The input Sentinel-2 image and stitched output looks good aside from the black chunks (do you have the error / reason why those did not work)?

oguzhannysr commented 7 months ago

@piperwolters ,The reason for the black pixels is that when dividing the image into 32x32 pieces, some parts are not 32x32 in size. I'm also looking forward to your help regarding georeferencing. My last question is that I want to run the model for a single image. Is there any progress regarding the situation you mentioned above?

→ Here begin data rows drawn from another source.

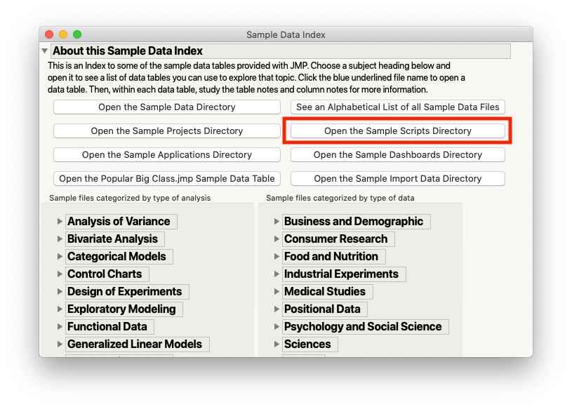 Now, in JMP go to Help > Sample Data. Note the buttons along the top of the interface. One of them says, “Open the Sample Scripts Directory.”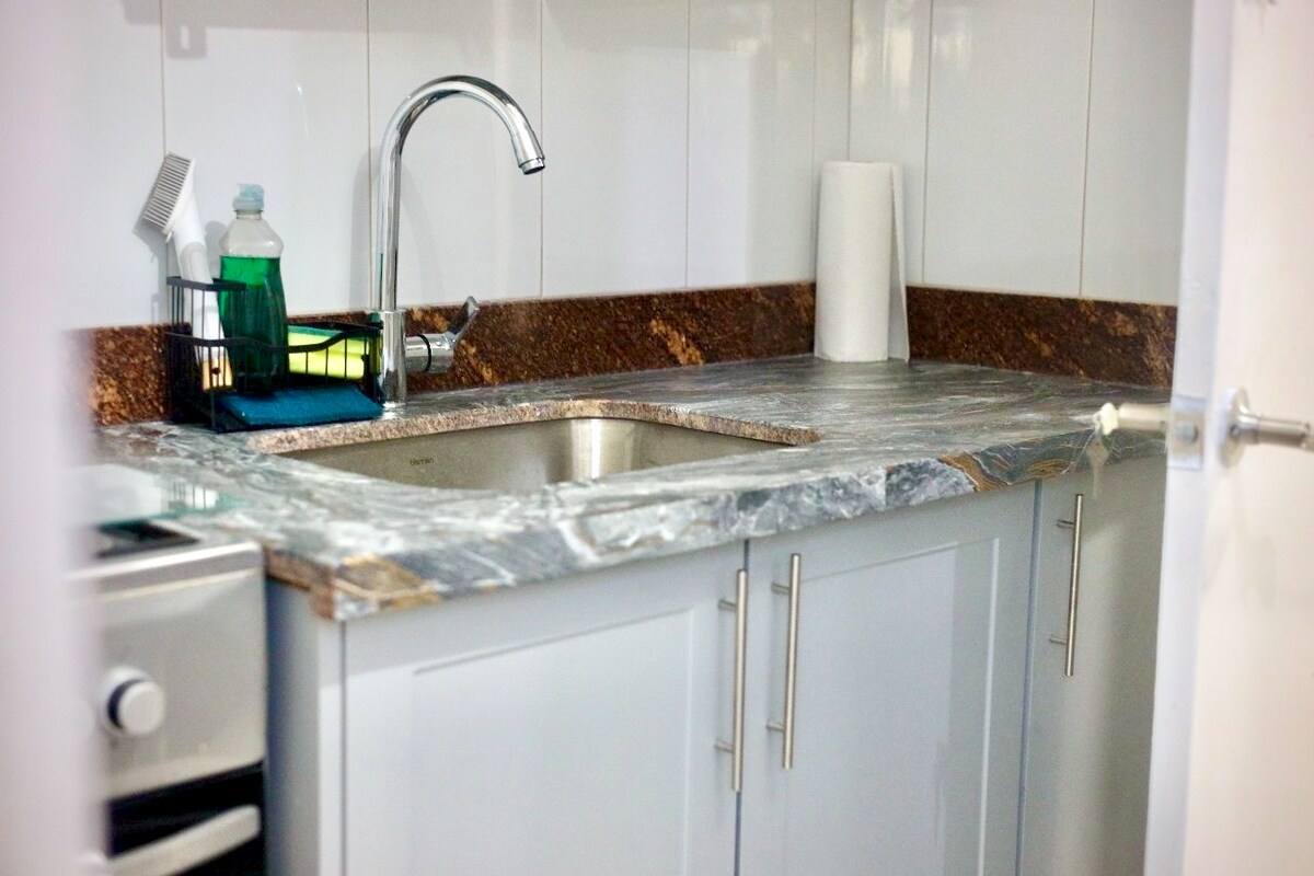 Cómodo estudio de nueva construcción con un dormitorio y un baño con entrada privada, separado de la casa principal. Incluye cocina de nueva construcción con fogones y nevera de tamaño mediano para cocinar durante periodos prolongados. Incluye un cómodo sofá, acceso a internet, televisión por cable, aire acondicionado, agua caliente y lavadora.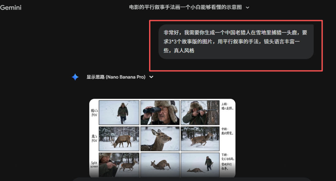 我再说一次这个方法就是NN宫格故事板,比方下面的提示词: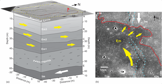 图3 (a)嫦娥三号探测区三维地层模型;(b)Em流动方向示意图。蓝虚线为皱脊;白色和黄色长剪头指示熔岩流方向,参考自Yuan等(2017)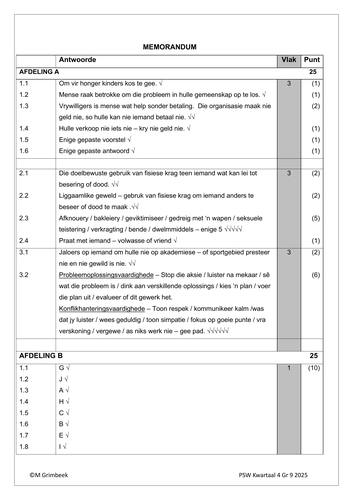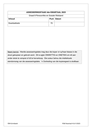 / Lewensvaardighede (PSW) Gr. 9 Assesseringstaak 2025 Kwartaal 4
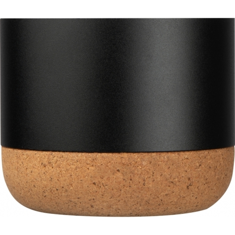 Stylish Bluetooth speaker (BT version 5.0) made of recycled aluminum with a cork base. It features a 300 mAh battery with a 2-3 hour charging time, a USB-C charging cable, and a Bluetooth range of approximately 10 meters.

favyen2 commented 7 months ago
  1. Not 32x32 in size -- you can pad the input image to be a multiple of 32 in both dimensions. Then crop the resulting output to 4 times the original width and height (before padding).
  2. Georeferencing -- it makes sense to copy the transform and CRS from the same GeoTIFF that you are using for the input. But you need to multiply the resolution by 4. With rasterio it should have Affine object like this:
Affine(x_off, x_res, 0, y_off, 0, y_res)

So you can divide the x_res and y_res by 4 (they should be like meters/pixel, input is 10 m/pixel and output is 2.5 m/pixel.

If this doesn't help then please clarify what issue you are having with your georeferencing code right now.